If the data had not changed, you'd get the same response (presumably returned by the cache). But if it had changed, you would get:

CODE

{
  "latest": "20130603135154",
  "msg": "Invalid version of data requested, please use latest",
  "requested": "20130603134426"
}

Be aware that if you're using the /vod/editorials API with the dynamic flags isValid, isPurchaseable, isVisible, or isPreviewScreening, the version might not accurately reflect the state of the API, and these flags might have been flipped on some records between a change in catalogue version.

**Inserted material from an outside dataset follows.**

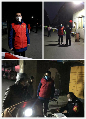 模具171班倪浩奇是一名预备党员,在严峻的疫情防控期间,他毅然申请成为了一名志愿者,在定点社区协助辅警完成往来人员的体温测量、信息登记和往来车辆排查等工作。下午4点至凌晨12点是他的工作时段,面对气温渐低、来往人员多的困难,他毫不退却。“我是一名预备党员,不忘初心、牢记使命,我一直铭记于心。疫情当前,绝不退缩,应该积极响应党和国家的号召,为家乡做一份贡献,发挥先锋模范作用。看着全国各地的医疗队赶往武汉奋战在一线,我要在家乡尽一份绵薄之力,为家乡人民做贡献,守卫我们的家园。”他说道。

Optimise queries for cache-hits

Each query to the OpenTV Platform should be optimised to maximise cache hits. This means avoiding sending filter values that frequently change between clients.

Time-based queries

Time values are usually specified by UNIX epoch time, or timestamps. Using time based on a specific second can cause queries to vary greatly between clients as they each generate the time based on the current moment. Instead, round the time up or down to the most coarse value that makes sense for the use case.

For example, if querying for events to populate an EPG guide and you need to provide start and end times for the window, round the times to the closest 15-minute interval. This will mean that each client will send the same query for an interval of time, thereby maximising the server side cache-hit.

Structured pre-fetch

When pre-fetching data, try to keep the pattern of fetching additional data the same across devices. For example, if the user enters the EPG grid at the same position each time, and the navigation is via paging rather than scrolling, you can fetch the events for that channel group, which should be the same for each channel. If the user can scroll down one channel at a time, however, you should fetch the events on a per channel basis, to ensure that only the needed data is returned, and that each query can be effectively cached by the server.

Discuss your queries with the system operator

The services that implement the APIs can often be tuned for specific use cases. A good example is a database index, where adding an index for a key field in a query can dramatically improve the search time for specific records. Client application developers should provide the operator responsible for the platform that they use with a list of the APIs their application uses, including all of the filters, fields, sorts, limits, and so on, so that system can be tuned as much as possible on the server side. This list should be actively maintained as the application remains in progress.